# What to produce:
Output every entry exactly, without any pictures.

# Given entries:
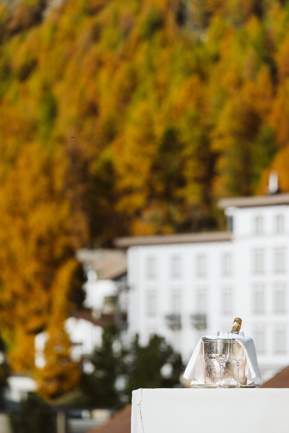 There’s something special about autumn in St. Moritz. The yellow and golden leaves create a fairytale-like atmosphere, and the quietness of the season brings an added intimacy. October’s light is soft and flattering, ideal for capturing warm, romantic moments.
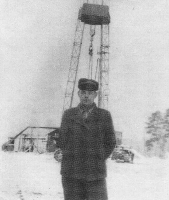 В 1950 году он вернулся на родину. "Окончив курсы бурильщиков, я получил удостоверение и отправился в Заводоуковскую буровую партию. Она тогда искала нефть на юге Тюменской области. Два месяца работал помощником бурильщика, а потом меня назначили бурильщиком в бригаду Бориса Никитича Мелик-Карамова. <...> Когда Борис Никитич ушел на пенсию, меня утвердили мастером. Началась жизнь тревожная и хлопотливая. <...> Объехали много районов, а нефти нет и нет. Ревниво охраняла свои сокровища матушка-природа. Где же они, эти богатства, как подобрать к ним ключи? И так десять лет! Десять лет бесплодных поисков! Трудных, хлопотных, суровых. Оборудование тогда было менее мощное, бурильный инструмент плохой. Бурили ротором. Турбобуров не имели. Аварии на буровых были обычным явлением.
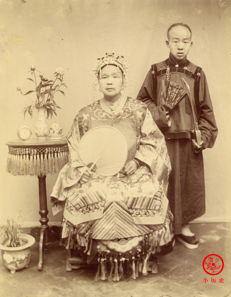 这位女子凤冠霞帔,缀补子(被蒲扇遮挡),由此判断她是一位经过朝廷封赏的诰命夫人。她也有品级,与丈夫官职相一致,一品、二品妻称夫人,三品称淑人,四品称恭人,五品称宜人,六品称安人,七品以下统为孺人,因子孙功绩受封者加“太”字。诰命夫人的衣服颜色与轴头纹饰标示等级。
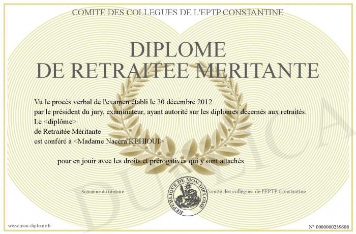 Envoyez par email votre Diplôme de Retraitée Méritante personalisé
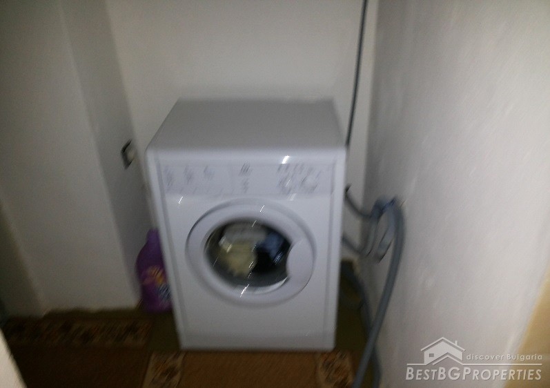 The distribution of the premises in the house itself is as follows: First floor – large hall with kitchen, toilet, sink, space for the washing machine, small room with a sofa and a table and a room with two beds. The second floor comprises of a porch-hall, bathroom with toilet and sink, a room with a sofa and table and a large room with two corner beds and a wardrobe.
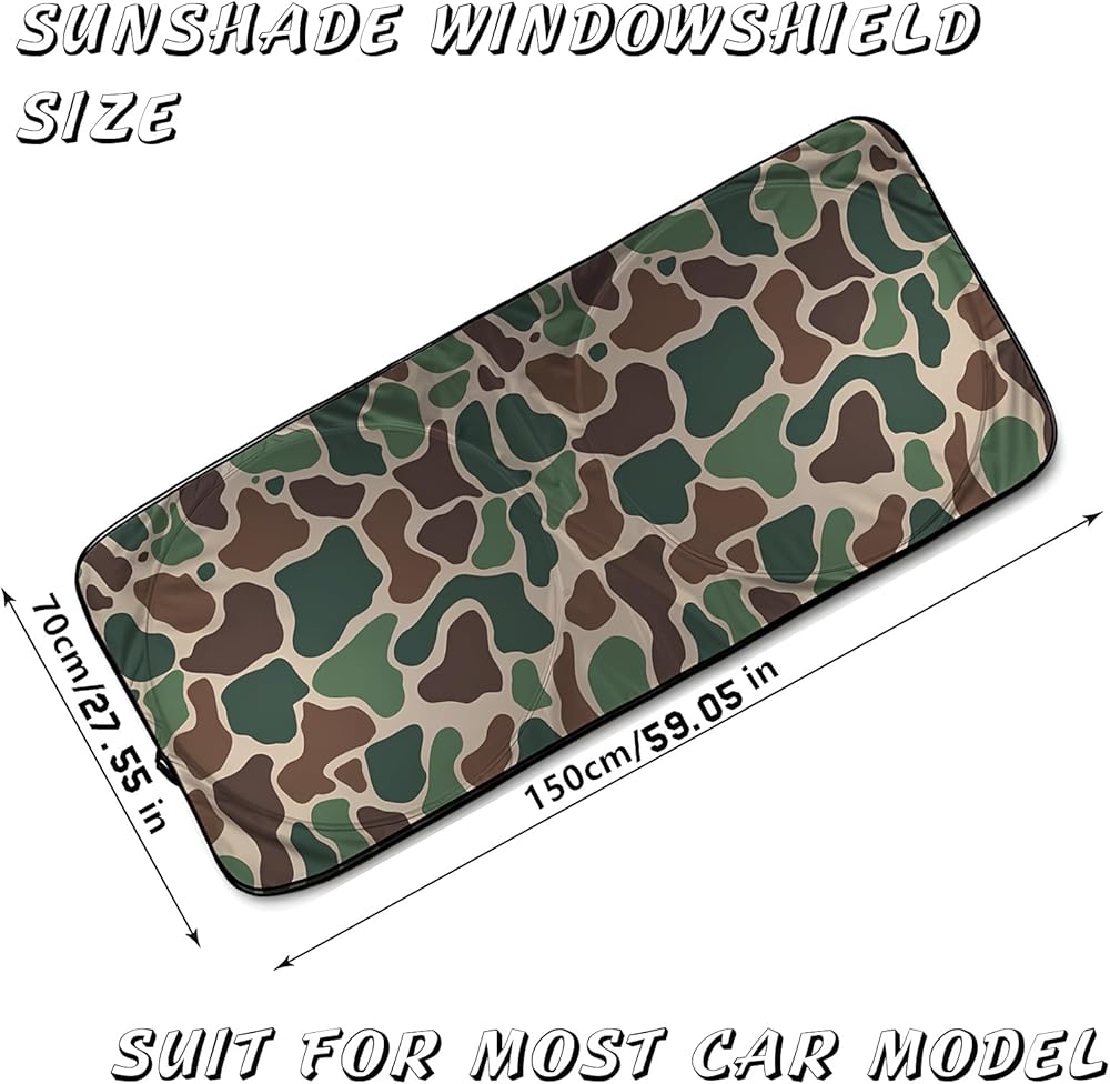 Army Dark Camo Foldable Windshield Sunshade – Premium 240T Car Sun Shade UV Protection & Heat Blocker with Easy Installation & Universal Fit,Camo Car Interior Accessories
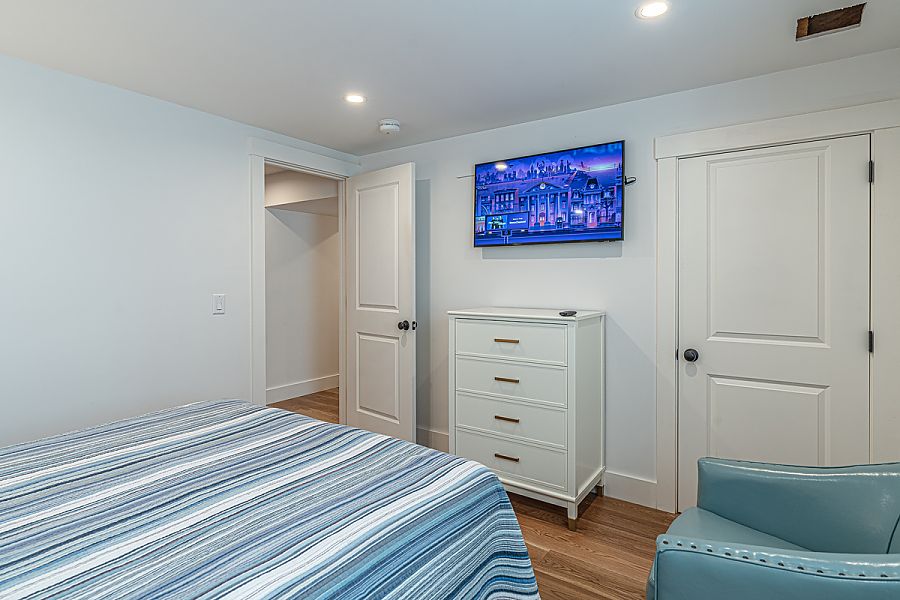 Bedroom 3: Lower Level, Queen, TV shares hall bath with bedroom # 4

# Answer to this problem:
 There’s something special about autumn in St. Moritz. The yellow and golden leaves create a fairytale-like atmosphere, and the quietness of the season brings an added intimacy. October’s light is soft and flattering, ideal for capturing warm, romantic moments.
 В 1950 году он вернулся на родину. "Окончив курсы бурильщиков, я получил удостоверение и отправился в Заводоуковскую буровую партию. Она тогда искала нефть на юге Тюменской области. Два месяца работал помощником бурильщика, а потом меня назначили бурильщиком в бригаду Бориса Никитича Мелик-Карамова. <...> Когда Борис Никитич ушел на пенсию, меня утвердили мастером. Началась жизнь тревожная и хлопотливая. <...> Объехали много районов, а нефти нет и нет. Ревниво охраняла свои сокровища матушка-природа. Где же они, эти богатства, как подобрать к ним ключи? И так десять лет! Десять лет бесплодных поисков! Трудных, хлопотных, суровых. Оборудование тогда было менее мощное, бурильный инструмент плохой. Бурили ротором. Турбобуров не имели. Аварии на буровых были обычным явлением.
 这位女子凤冠霞帔,缀补子(被蒲扇遮挡),由此判断她是一位经过朝廷封赏的诰命夫人。她也有品级,与丈夫官职相一致,一品、二品妻称夫人,三品称淑人,四品称恭人,五品称宜人,六品称安人,七品以下统为孺人,因子孙功绩受封者加“太”字。诰命夫人的衣服颜色与轴头纹饰标示等级。
 Envoyez par email votre Diplôme de Retraitée Méritante personalisé
 The distribution of the premises in the house itself is as follows: First floor – large hall with kitchen, toilet, sink, space for the washing machine, small room with a sofa and a table and a room with two beds. The second floor comprises of a porch-hall, bathroom with toilet and sink, a room with a sofa and table and a large room with two corner beds and a wardrobe.
 Army Dark Camo Foldable Windshield Sunshade – Premium 240T Car Sun Shade UV Protection & Heat Blocker with Easy Installation & Universal Fit,Camo Car Interior Accessories
 Bedroom 3: Lower Level, Queen, TV shares hall bath with bedroom # 4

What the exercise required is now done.